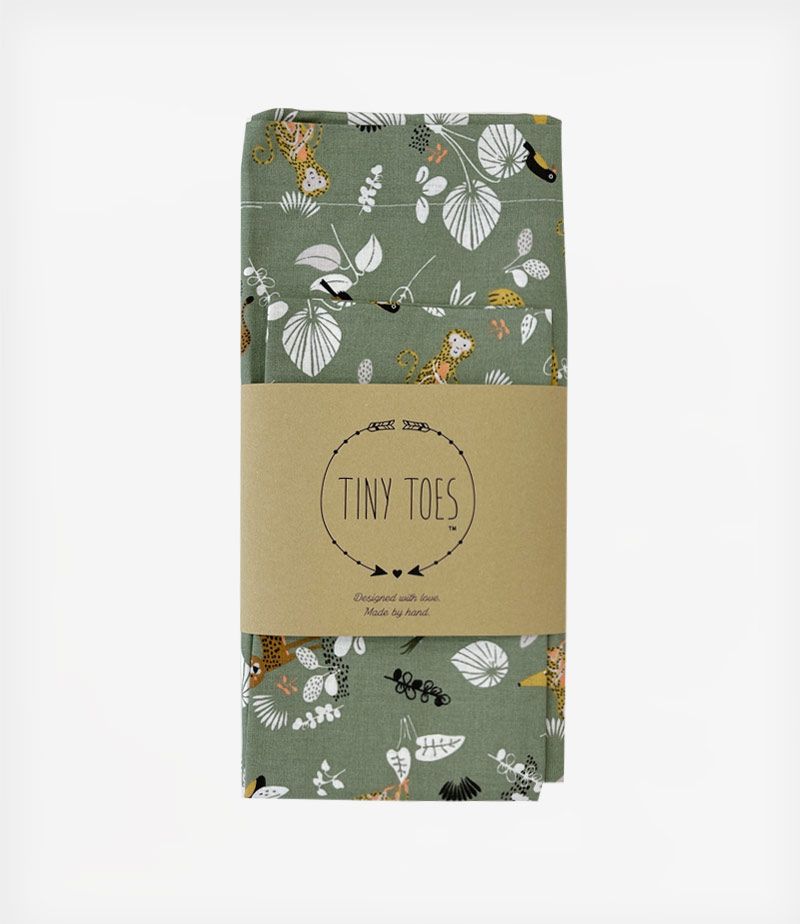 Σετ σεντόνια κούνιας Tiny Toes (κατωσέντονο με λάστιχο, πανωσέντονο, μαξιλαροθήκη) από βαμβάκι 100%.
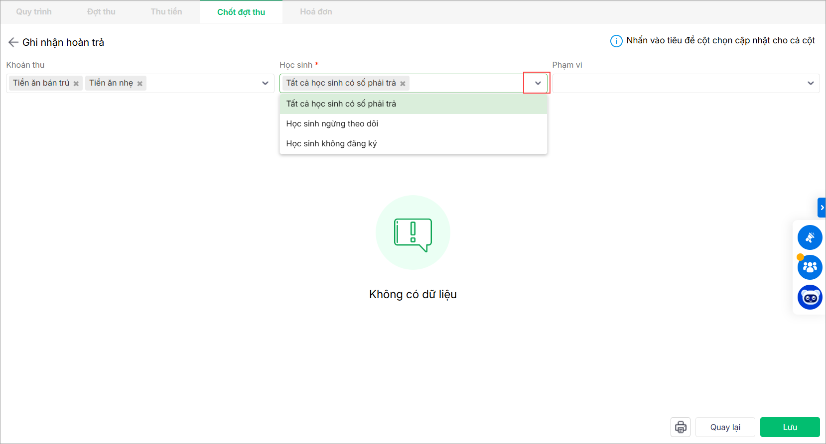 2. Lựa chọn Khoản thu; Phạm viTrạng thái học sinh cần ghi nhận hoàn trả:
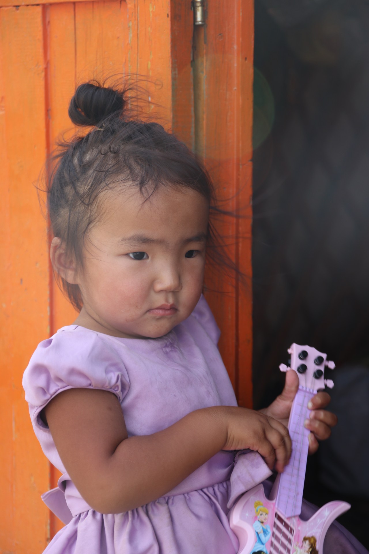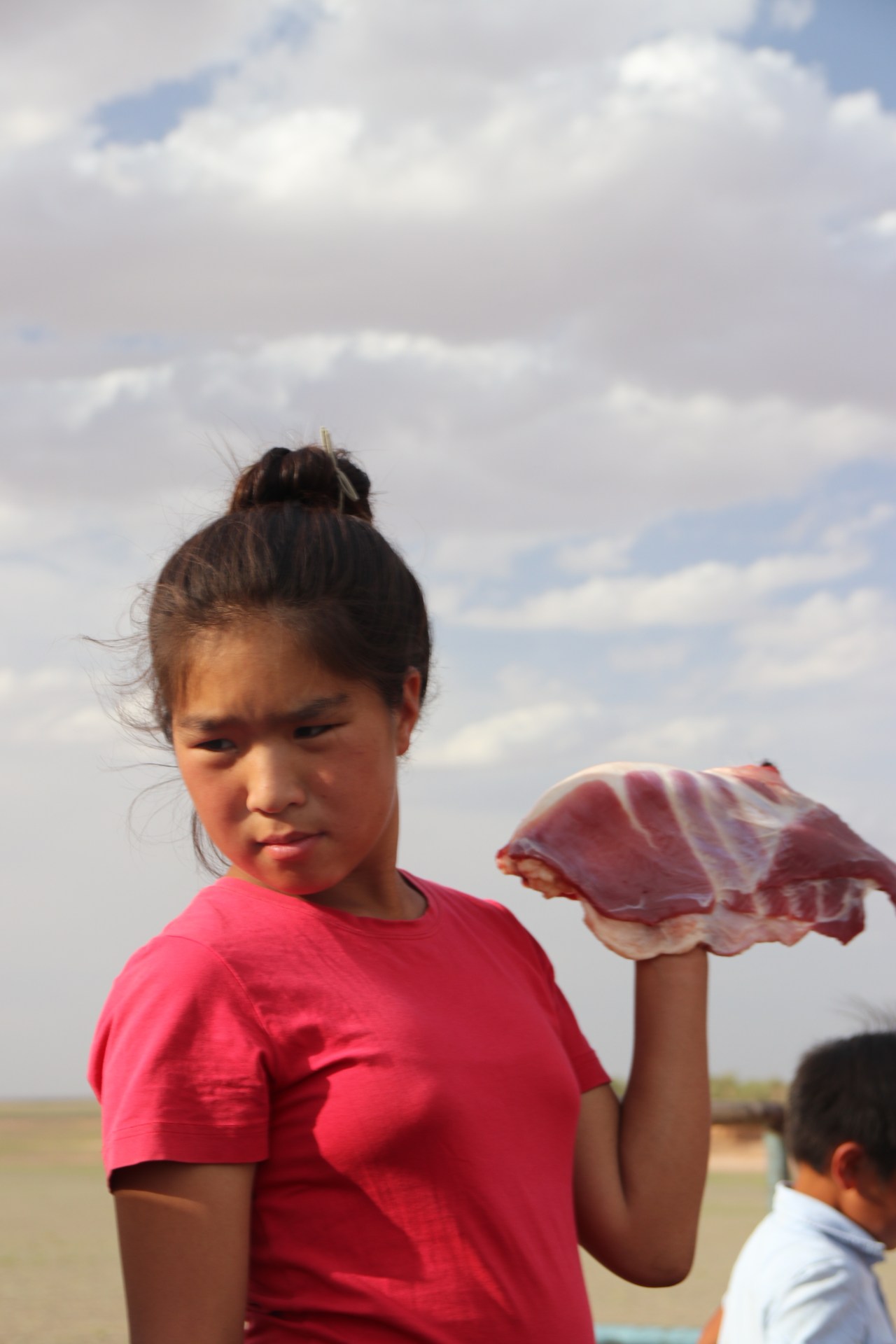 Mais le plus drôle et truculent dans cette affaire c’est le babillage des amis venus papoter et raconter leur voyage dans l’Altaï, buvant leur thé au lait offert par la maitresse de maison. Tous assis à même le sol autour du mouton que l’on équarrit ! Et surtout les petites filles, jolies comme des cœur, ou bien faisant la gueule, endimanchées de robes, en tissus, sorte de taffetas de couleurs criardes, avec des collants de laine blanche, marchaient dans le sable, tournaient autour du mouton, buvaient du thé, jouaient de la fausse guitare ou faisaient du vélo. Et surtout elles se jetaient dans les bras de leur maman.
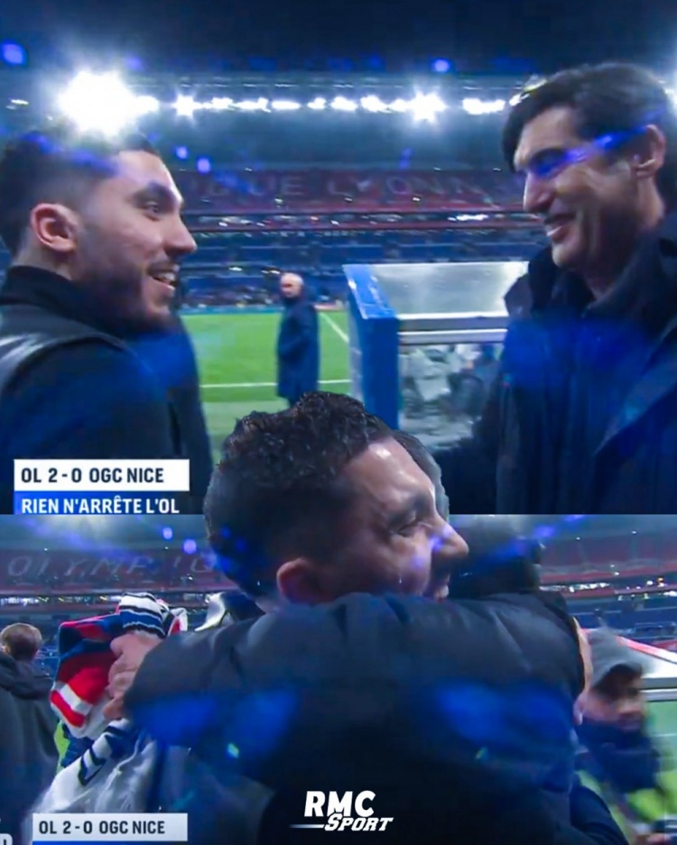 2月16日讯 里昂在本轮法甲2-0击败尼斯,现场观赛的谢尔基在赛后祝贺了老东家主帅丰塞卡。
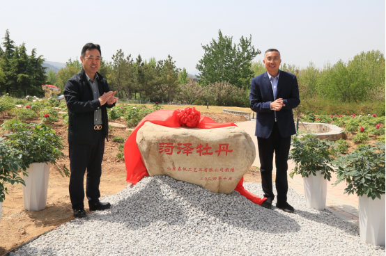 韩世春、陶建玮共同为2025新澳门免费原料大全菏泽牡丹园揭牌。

WORK ITEM —
Excluding images, return all of the records above word for word.

SOLUTION —
 Σετ σεντόνια κούνιας Tiny Toes (κατωσέντονο με λάστιχο, πανωσέντονο, μαξιλαροθήκη) από βαμβάκι 100%.
 2. Lựa chọn Khoản thu; Phạm viTrạng thái học sinh cần ghi nhận hoàn trả:
 Mais le plus drôle et truculent dans cette affaire c’est le babillage des amis venus papoter et raconter leur voyage dans l’Altaï, buvant leur thé au lait offert par la maitresse de maison. Tous assis à même le sol autour du mouton que l’on équarrit ! Et surtout les petites filles, jolies comme des cœur, ou bien faisant la gueule, endimanchées de robes, en tissus, sorte de taffetas de couleurs criardes, avec des collants de laine blanche, marchaient dans le sable, tournaient autour du mouton, buvaient du thé, jouaient de la fausse guitare ou faisaient du vélo. Et surtout elles se jetaient dans les bras de leur maman.
 2月16日讯 里昂在本轮法甲2-0击败尼斯,现场观赛的谢尔基在赛后祝贺了老东家主帅丰塞卡。
 韩世春、陶建玮共同为2025新澳门免费原料大全菏泽牡丹园揭牌。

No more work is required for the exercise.